AIM OF THE TASK –
Print out each entry below in full, exactly as given, excluding pictures.
──────────
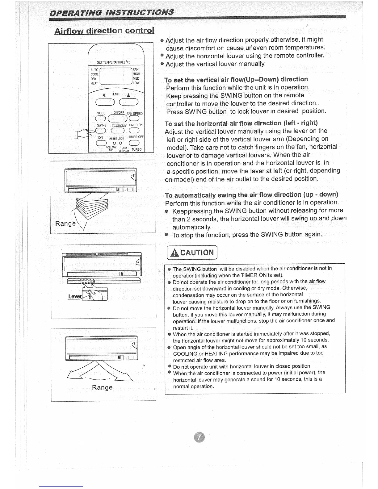 Coaire Split-Type Room Air Conditioner - Airflow Direction Control; To Set the Vertical Air Flow (Up-Down) Direction; To Set the Horizontal Air Flow Direction (Left-Right); To Automatically Swing the Air Flow Direction (Up-Down)
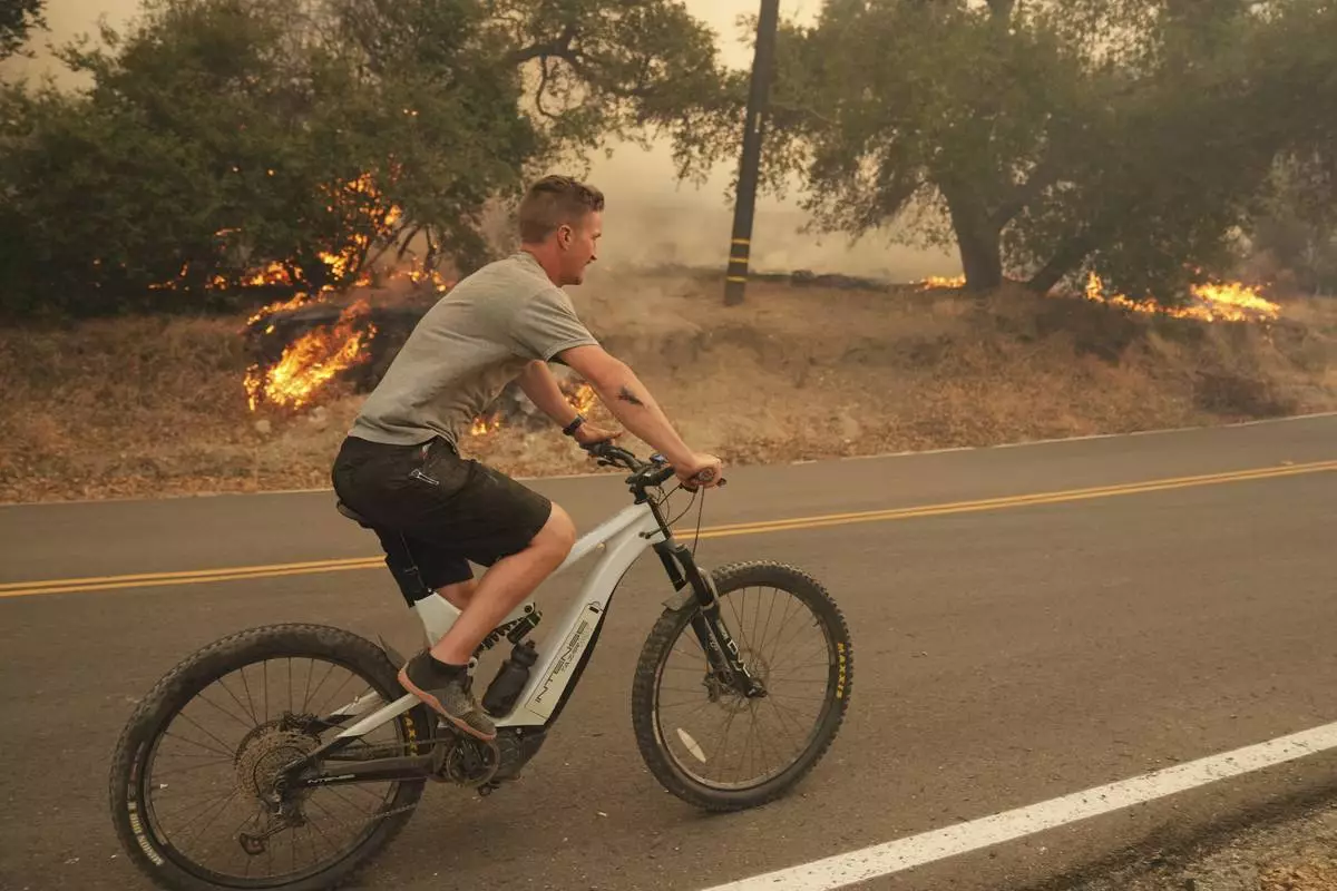 A resident rides a bike along Halsey Canyon Road as the Canyon Fire burns on Thursday, Aug. 7, 2025, in Halsey Canyon, Calif. (AP Photo/Marcio Jose Sanchez)
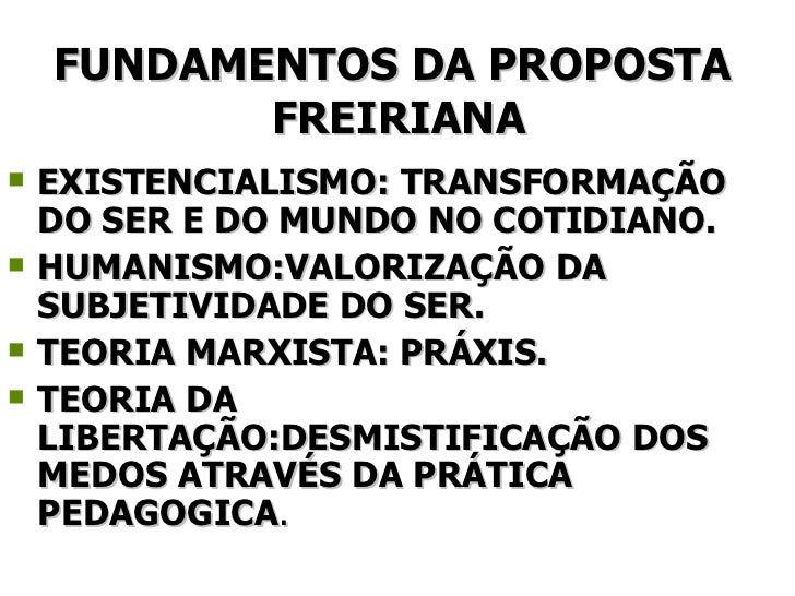 3. 3. FUNDAMENTOS DA PROPOSTA FREIRIANA <ul><li>EXISTENCIALISMO: TRANSFORMAÇÃO DO SER E DO MUNDO NO COTIDIANO. </li></ul><ul><li>HUMANISMO:VALORIZAÇÃO DA SUBJETIVIDADE DO SER. </li></ul><ul><li>TEORIA MARXISTA: PRÁXIS. </li></ul><ul><li>TEORIA DA LIBERTAÇÃO:DESMISTIFICAÇÃO DOS MEDOS ATRAVÉS DA PRÁTICA PEDAGOGICA . </li></ul>
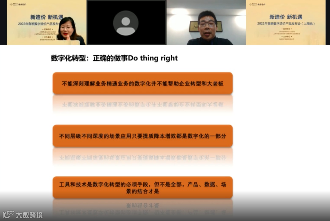 2022年3月25日,“新造价,新机遇——2022年鲁班数字造价产品发布会”云直播成功举办。本次活动由上海市园林绿化行业协会与上海市建设协会学习和数字化专业委员会指导,鲁班软件股份有限公司主办。发布会邀请了鲁班研究院院长张江波、凯谛思建设工程咨询(上海)有限公司执行董事邹春明、鲁班软件数字造价事业部总经理李春蓉、鲁班软件数字造价事业部技术经理沈月婷进行了专题分享,活动吸引了近万人参与关注。
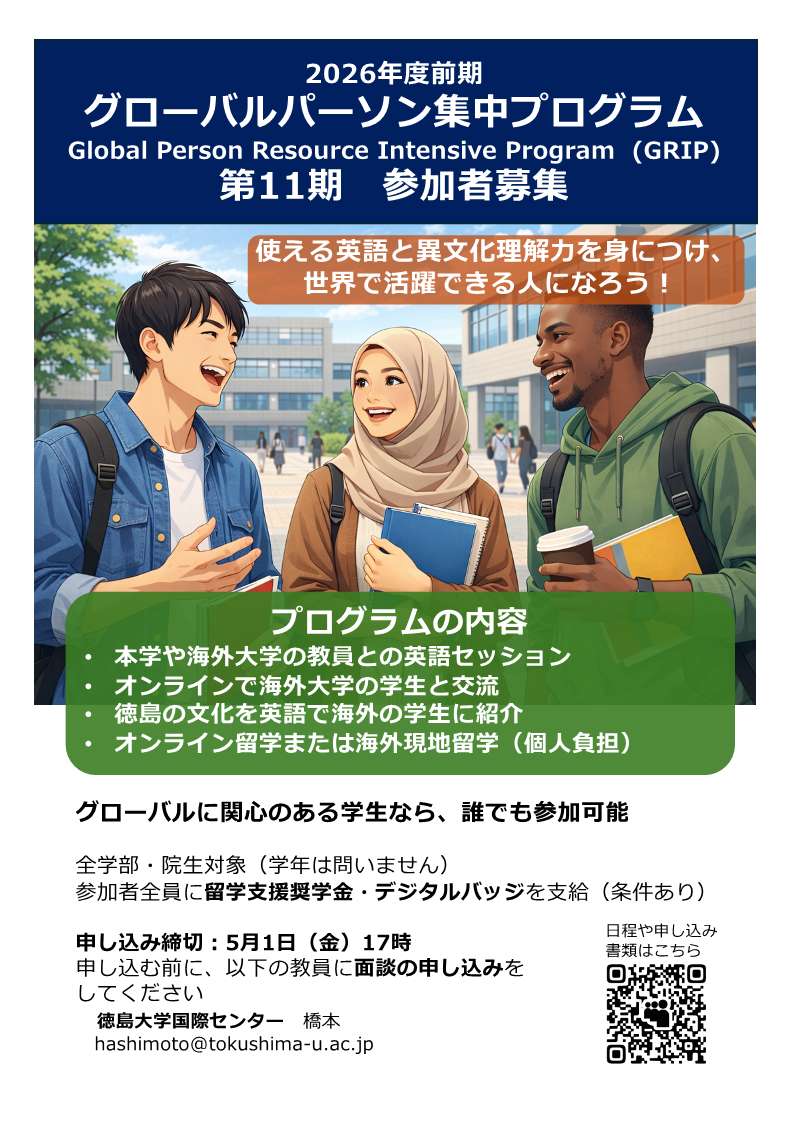 2026年度前期(第11期生) グローバルパーソン集中プログラム(GRIP)の募集について
──────────
TASK OUTPUT –
 Coaire Split-Type Room Air Conditioner - Airflow Direction Control; To Set the Vertical Air Flow (Up-Down) Direction; To Set the Horizontal Air Flow Direction (Left-Right); To Automatically Swing the Air Flow Direction (Up-Down)
 A resident rides a bike along Halsey Canyon Road as the Canyon Fire burns on Thursday, Aug. 7, 2025, in Halsey Canyon, Calif. (AP Photo/Marcio Jose Sanchez)
 3. 3. FUNDAMENTOS DA PROPOSTA FREIRIANA <ul><li>EXISTENCIALISMO: TRANSFORMAÇÃO DO SER E DO MUNDO NO COTIDIANO. </li></ul><ul><li>HUMANISMO:VALORIZAÇÃO DA SUBJETIVIDADE DO SER. </li></ul><ul><li>TEORIA MARXISTA: PRÁXIS. </li></ul><ul><li>TEORIA DA LIBERTAÇÃO:DESMISTIFICAÇÃO DOS MEDOS ATRAVÉS DA PRÁTICA PEDAGOGICA . </li></ul>
 2022年3月25日,“新造价,新机遇——2022年鲁班数字造价产品发布会”云直播成功举办。本次活动由上海市园林绿化行业协会与上海市建设协会学习和数字化专业委员会指导,鲁班软件股份有限公司主办。发布会邀请了鲁班研究院院长张江波、凯谛思建设工程咨询(上海)有限公司执行董事邹春明、鲁班软件数字造价事业部总经理李春蓉、鲁班软件数字造价事业部技术经理沈月婷进行了专题分享,活动吸引了近万人参与关注。
 2026年度前期(第11期生) グローバルパーソン集中プログラム(GRIP)の募集について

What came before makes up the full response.